When you think of classic menswear fabrics, it doesn’t quite get any more classic than tweed. It looks just as good on a lumberjack – classic or urban – as a rugged, outdoorsy coat as it does on a bookish professor as a soft-shouldered blazer, or even on a slick urban professional as a slim well-tailored suit.
SO WHERE DOES TWEED FABRIC COME FROM? AND WHAT IS TWEED, EXACTLY?
Tweed goes back so far that it’s exact origins are little sketchy, especially when it comes to the name itself. My favorite story claims that a Scottish mill contacted a British buyer offering a fabric they described as ‘tweel’ – the Scots term for twill.
Being the pre-text message 1800s, the inquiry came by hand-written letter, and the merchant mistook ‘tweel’ for ‘tweed,’ which was at the time not a fabric, but the name of a river in Scotland. The buyer ran with the term and voila, ‘tweed’ entered the menswear lexicon for good.
FROM SCOTLAND TO THE WORLD: TWEED USAGE THROUGH HISTORY
As for the use of the fabric itself, things get a little clearer. Tweed was originally hand-woven by the peasants and farmers of Scotland and England and worn to fight the cold and damp climates, as it is characteristically warm and resistant to wind and water.
Eventually, tweed was adopted by the Edwardian elite as a sporting fabric (for the same reasons) for high class activities such as hunting, shooting, riding, and eventually early motorsports.

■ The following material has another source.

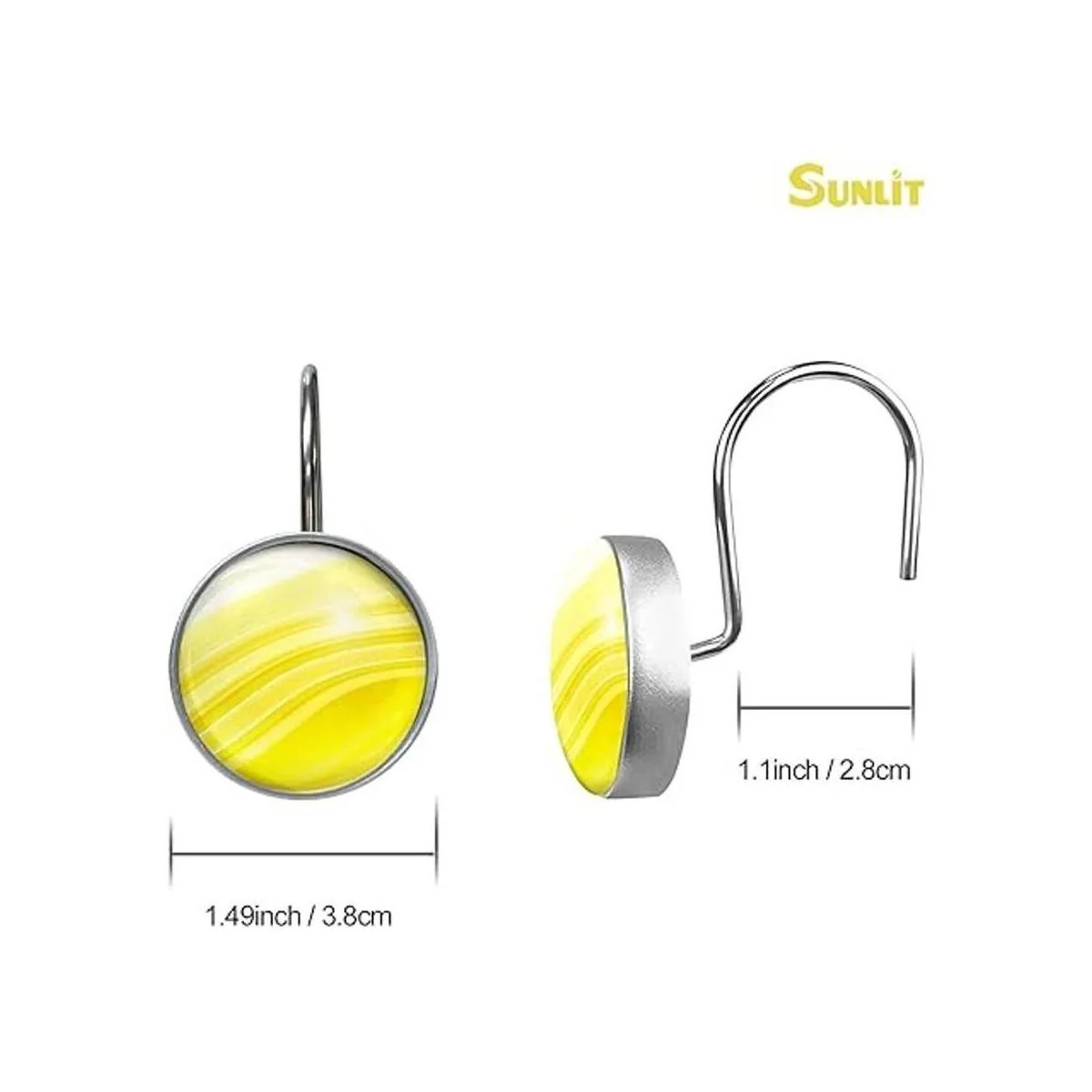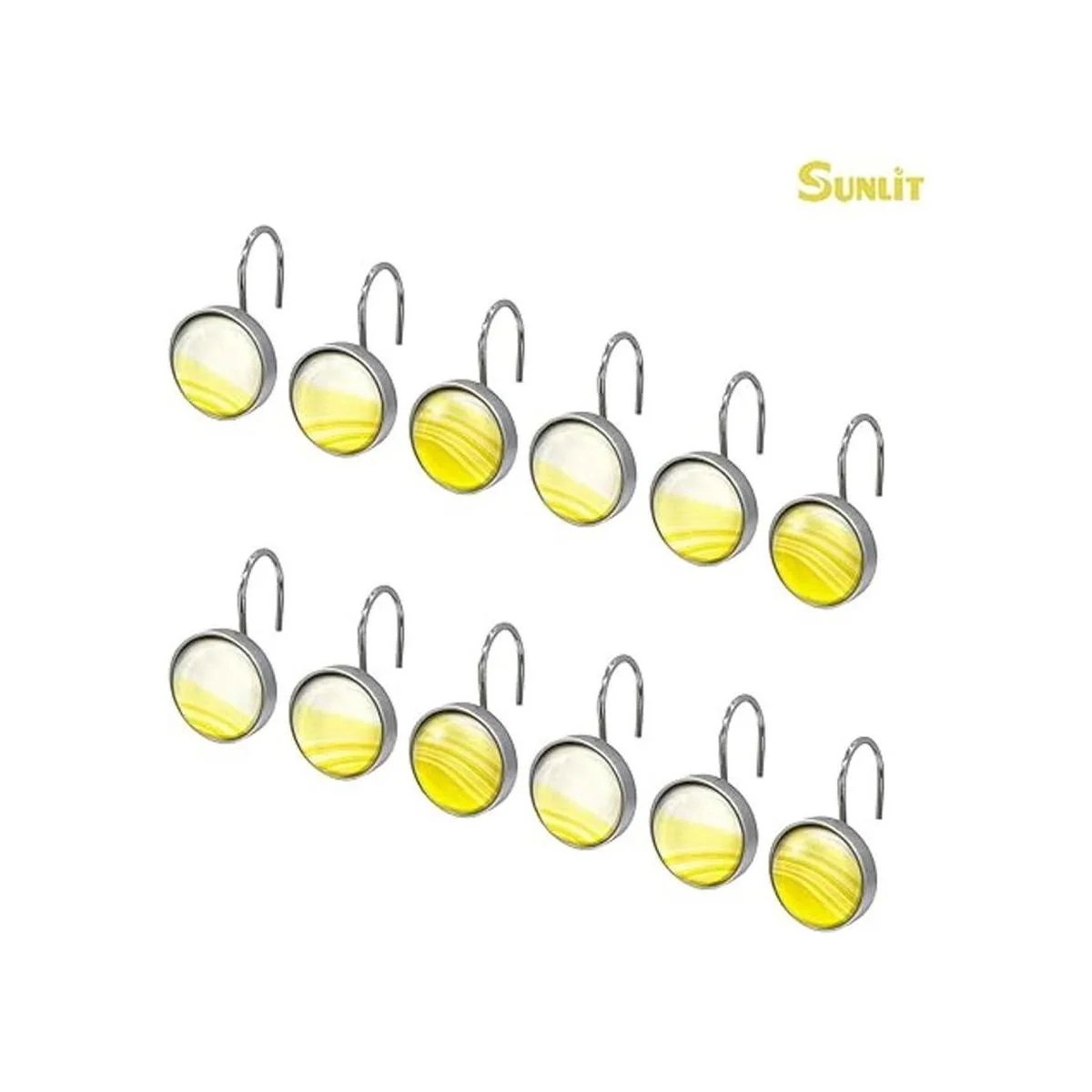 Sunlit Ganchos decorativos redondos de cristal para cortina de ducha, anillos de cortina de ducha de metal aceitado a prueba de óxido, paquete de 12, color amarillo degradado
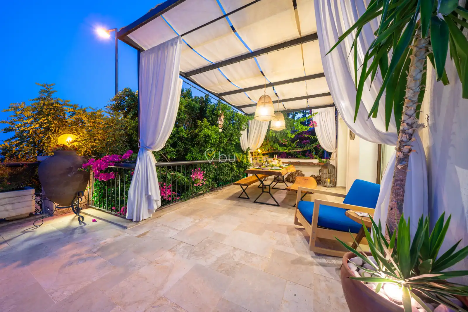 Geniş teras alanı ve muhteşem deniz manzarasıyla Villa Bergamot, gün batımını izleyebileceğiniz, sevdiklerinizle keyifli anılar biriktirebileceğiniz özel bir tatil deneyimi sunmaktadır.

It then became common among the aspiring middle class, who associated the fabric with the pursuits of the wealthy.
Over the years, it’s popularity has waxed and waned, but it’s never disappeared and is going as strong as ever in the age of the modern gentleman.
Unlike most menswear fabrics, tweed isn’t actually defined by a specific weave – in fact, it comes in many weaves, most commonly plain, twill, or herringbone. Instead, it’s defined by its rough woolen texture and its traditionally earthy color palette that comes from mixing yarns of brown, blue, grey and natural coloring.
Today, many companies mass-mill the fabric, but the best tweeds are still hand-woven. While it was once used primarily for jackets and coats, it has become especially known as a popular suiting fabric, but is now woven into gloves, ties, hats, boots, briefcases, trousers and more.
That said, in the eyes of this writer, you can’t get better than a rugged tweed sportcoat cut in classic British style, with casual, country-side details like leather buttons or suede elbow patches, and – if you’re lucky – stamped with the Harris Tweed seal of approval.